To do - Leave out the images and repeat the listing below without a single change.

Exercise materials -
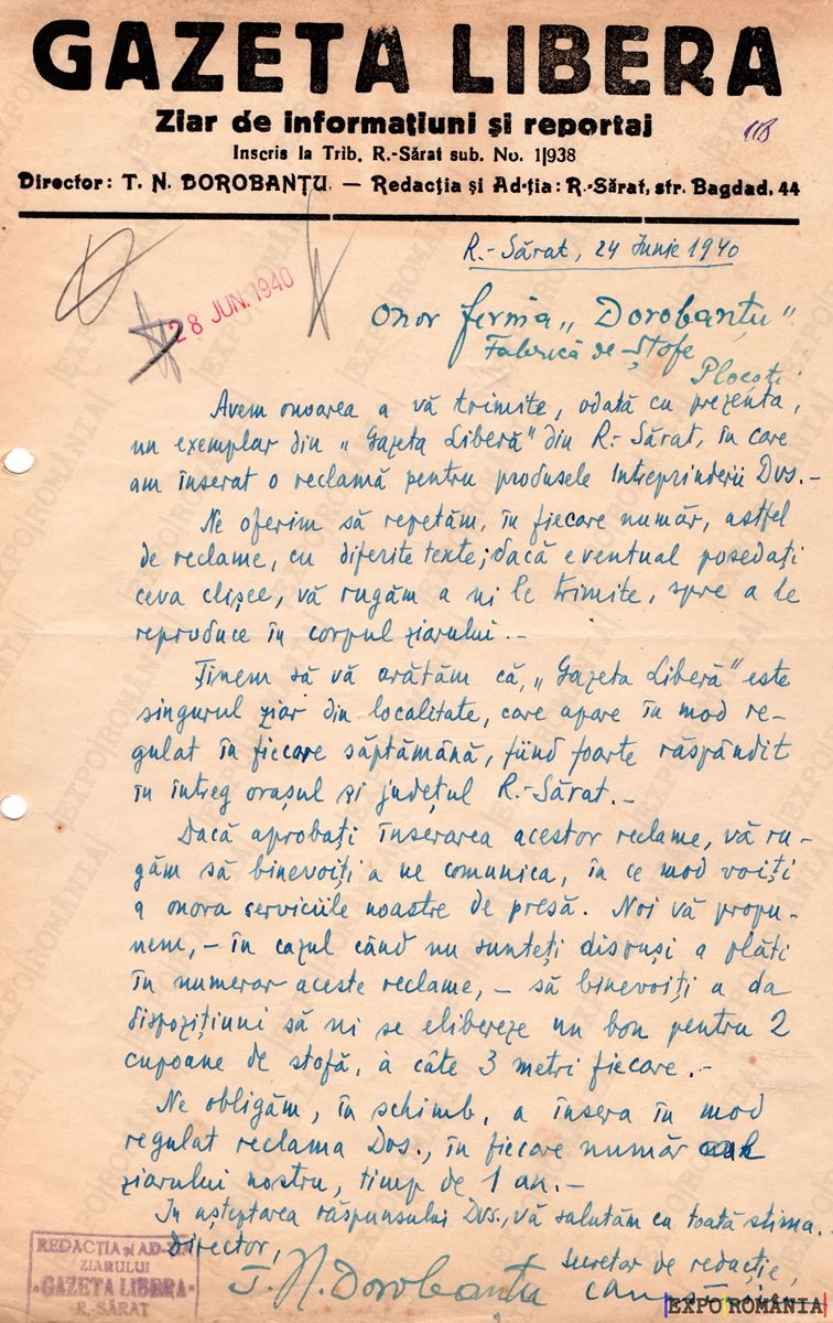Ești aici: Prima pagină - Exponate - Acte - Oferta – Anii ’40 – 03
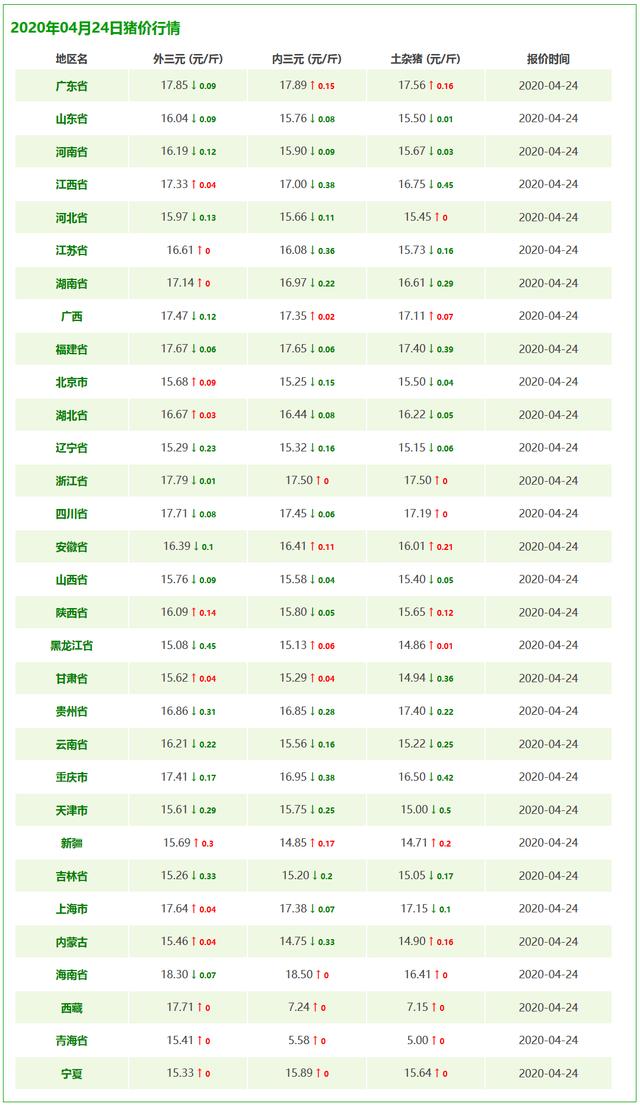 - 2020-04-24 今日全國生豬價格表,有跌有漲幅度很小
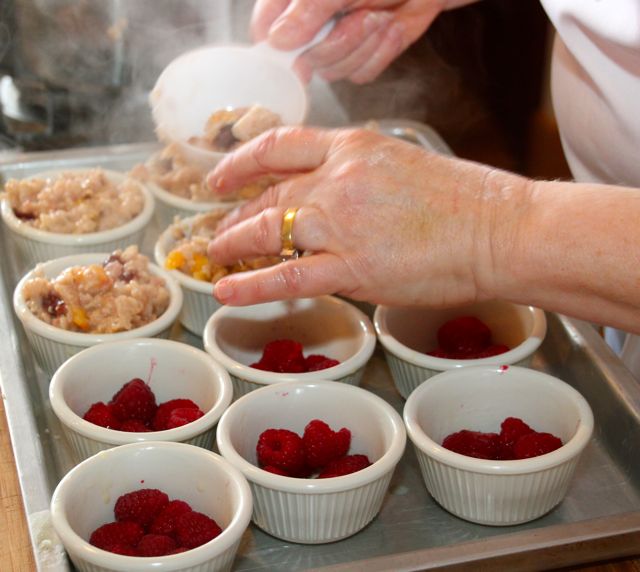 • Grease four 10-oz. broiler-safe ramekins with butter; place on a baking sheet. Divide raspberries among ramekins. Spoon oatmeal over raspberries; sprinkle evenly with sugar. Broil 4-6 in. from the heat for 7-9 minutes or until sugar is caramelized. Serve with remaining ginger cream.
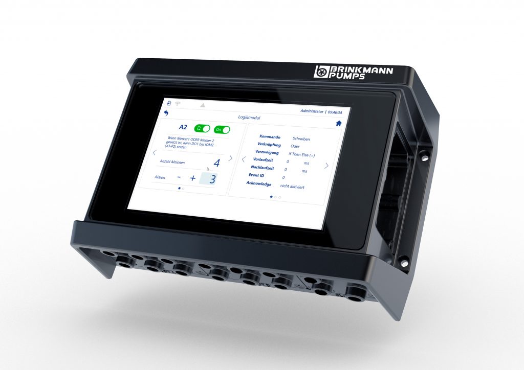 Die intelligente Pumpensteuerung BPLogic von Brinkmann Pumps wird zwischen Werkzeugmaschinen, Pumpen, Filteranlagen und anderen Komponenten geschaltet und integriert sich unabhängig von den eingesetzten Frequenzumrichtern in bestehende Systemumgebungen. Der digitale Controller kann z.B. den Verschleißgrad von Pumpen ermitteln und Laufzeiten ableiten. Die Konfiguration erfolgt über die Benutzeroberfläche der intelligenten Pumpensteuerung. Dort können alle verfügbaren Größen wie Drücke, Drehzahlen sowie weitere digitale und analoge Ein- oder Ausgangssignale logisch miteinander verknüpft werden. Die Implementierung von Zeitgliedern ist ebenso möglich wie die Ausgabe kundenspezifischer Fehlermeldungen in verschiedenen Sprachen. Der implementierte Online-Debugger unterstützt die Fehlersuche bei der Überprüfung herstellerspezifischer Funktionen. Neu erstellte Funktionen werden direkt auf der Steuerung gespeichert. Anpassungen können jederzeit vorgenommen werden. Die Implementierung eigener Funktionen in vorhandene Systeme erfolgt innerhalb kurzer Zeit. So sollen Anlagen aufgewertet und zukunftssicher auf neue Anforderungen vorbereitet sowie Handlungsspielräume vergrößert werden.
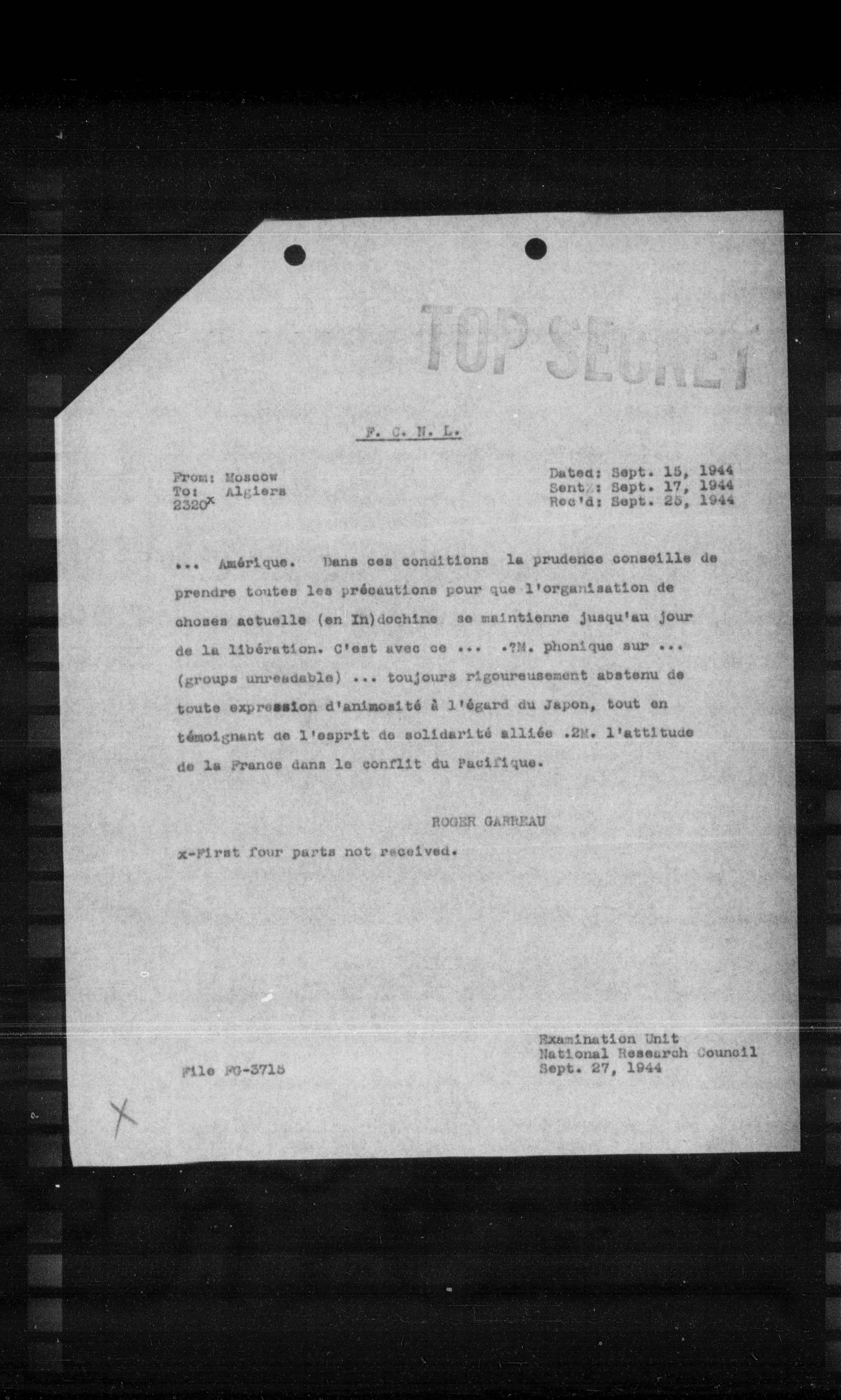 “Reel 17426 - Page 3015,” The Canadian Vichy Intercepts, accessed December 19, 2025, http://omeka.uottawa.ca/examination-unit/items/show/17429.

Exercise solution -
Ești aici: Prima pagină - Exponate - Acte - Oferta – Anii ’40 – 03
 - 2020-04-24 今日全國生豬價格表,有跌有漲幅度很小
 • Grease four 10-oz. broiler-safe ramekins with butter; place on a baking sheet. Divide raspberries among ramekins. Spoon oatmeal over raspberries; sprinkle evenly with sugar. Broil 4-6 in. from the heat for 7-9 minutes or until sugar is caramelized. Serve with remaining ginger cream.
 Die intelligente Pumpensteuerung BPLogic von Brinkmann Pumps wird zwischen Werkzeugmaschinen, Pumpen, Filteranlagen und anderen Komponenten geschaltet und integriert sich unabhängig von den eingesetzten Frequenzumrichtern in bestehende Systemumgebungen. Der digitale Controller kann z.B. den Verschleißgrad von Pumpen ermitteln und Laufzeiten ableiten. Die Konfiguration erfolgt über die Benutzeroberfläche der intelligenten Pumpensteuerung. Dort können alle verfügbaren Größen wie Drücke, Drehzahlen sowie weitere digitale und analoge Ein- oder Ausgangssignale logisch miteinander verknüpft werden. Die Implementierung von Zeitgliedern ist ebenso möglich wie die Ausgabe kundenspezifischer Fehlermeldungen in verschiedenen Sprachen. Der implementierte Online-Debugger unterstützt die Fehlersuche bei der Überprüfung herstellerspezifischer Funktionen. Neu erstellte Funktionen werden direkt auf der Steuerung gespeichert. Anpassungen können jederzeit vorgenommen werden. Die Implementierung eigener Funktionen in vorhandene Systeme erfolgt innerhalb kurzer Zeit. So sollen Anlagen aufgewertet und zukunftssicher auf neue Anforderungen vorbereitet sowie Handlungsspielräume vergrößert werden.
 “Reel 17426 - Page 3015,” The Canadian Vichy Intercepts, accessed December 19, 2025, http://omeka.uottawa.ca/examination-unit/items/show/17429.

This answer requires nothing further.